Figure 4. Ghrelin acts via GHSR1a on Kupffer cells/macrophages to attenuates LPS-induced lipid accumulation in hepatocytes.
Cultured Kupffer cells/macrophages were treated with LPS (4ng/ml) in the presence of ghrelin (10−8mol/L) or control vehicle for 6 h. Cultured medium was replaced with fresh medium to withdraw LPS and ghrelin. Cells were then cultured for another 12h. Supernatants were harvested and centrifuged, then added to cultured hepatocytes pretreated with 62.5μmol/L oleic acid for 24 h. Cultured hepatocytes were stained with Oil-red O and positive signal measured by area and average diameter. n=5, * denotes P<0.05 vs control.

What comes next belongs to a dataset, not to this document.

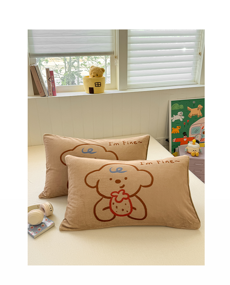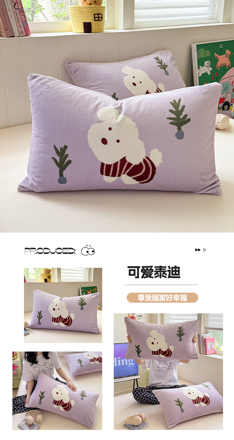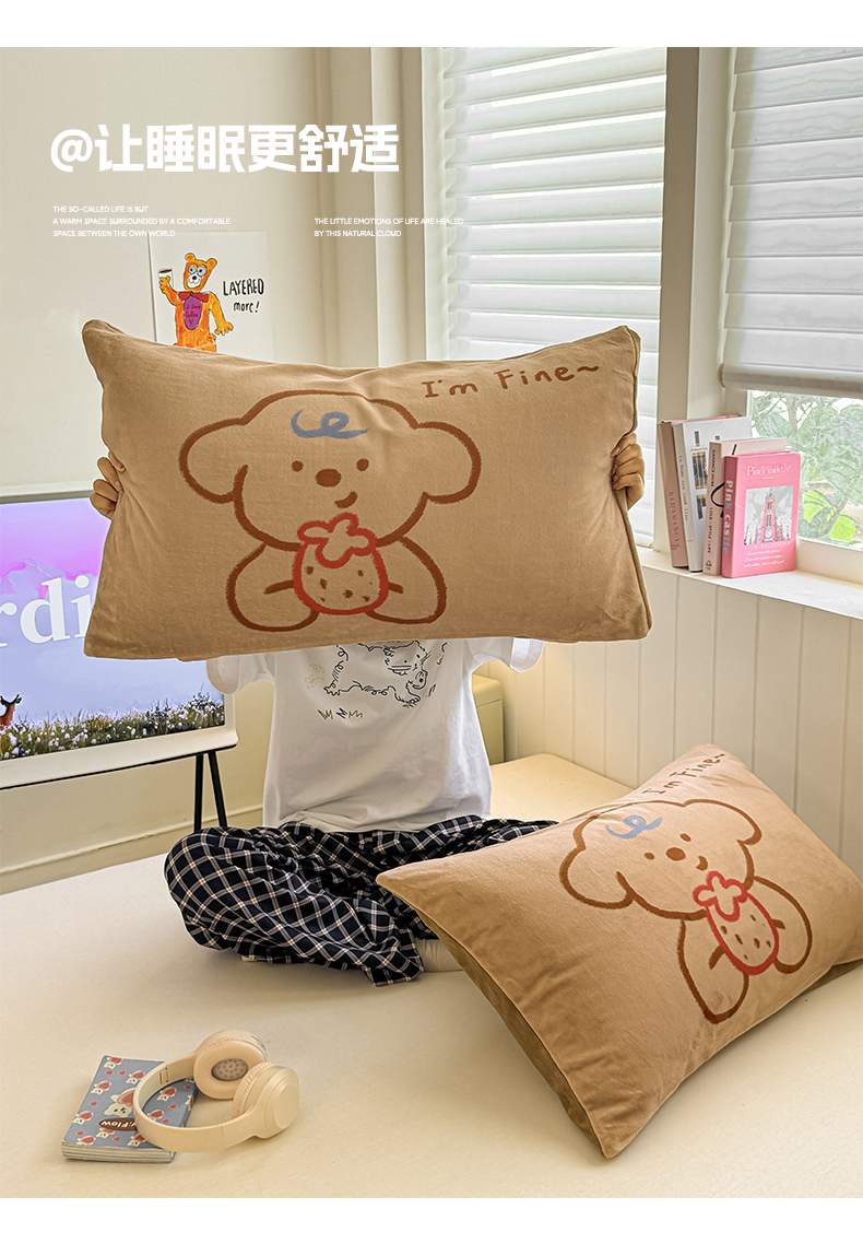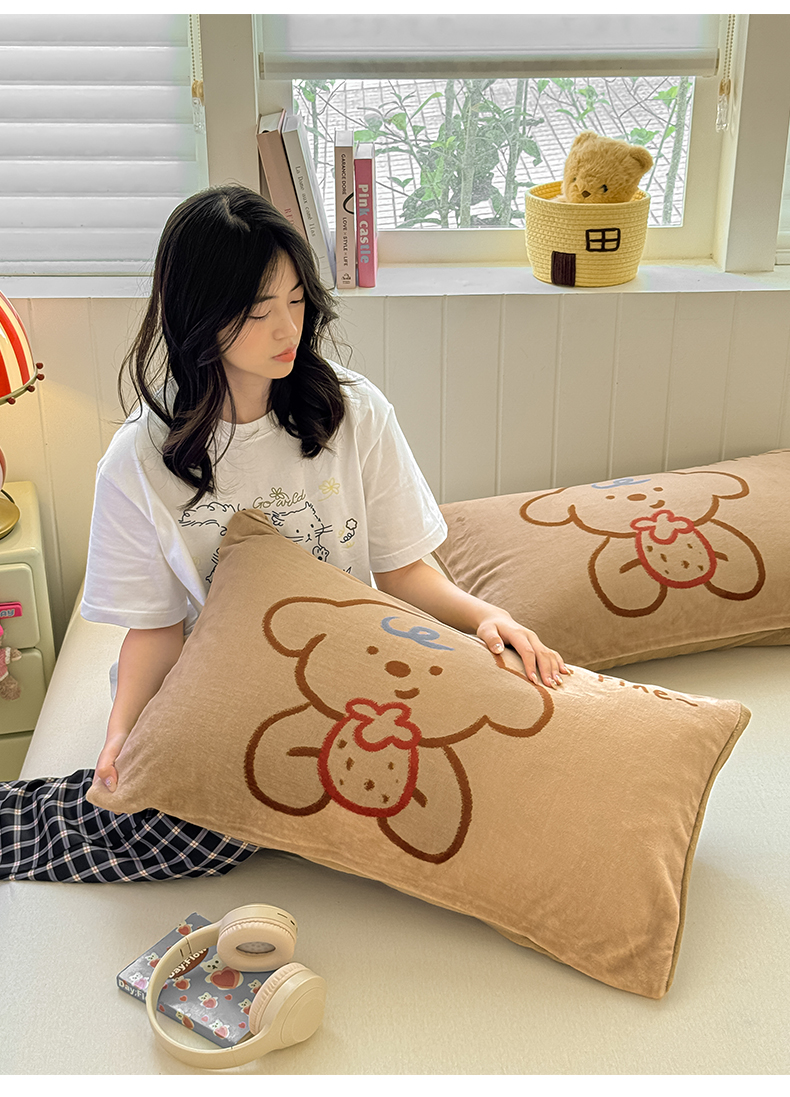 佳汐蓝家纺 2025新款牛奶绒卡通大版枕套 草莓狗

A. Effects of ghrelin on Kupffer cells/macrophages. Both the hepatocytes and Kupffer cells/macrophages used were isolated from wild-type mice.
B. No effects of ghrelin on Kupffer cells/macrophages isolated from GHSR1a−/− mice. Upper panel: ghrelin could not block the effect of LPS on hepatocytes isolated from GHSR1a−/− mice.
Lower panel: hepatocytes were isolated from wild-type mice, while Kupffer cells/macrophages were from GHSR1a−/− mice.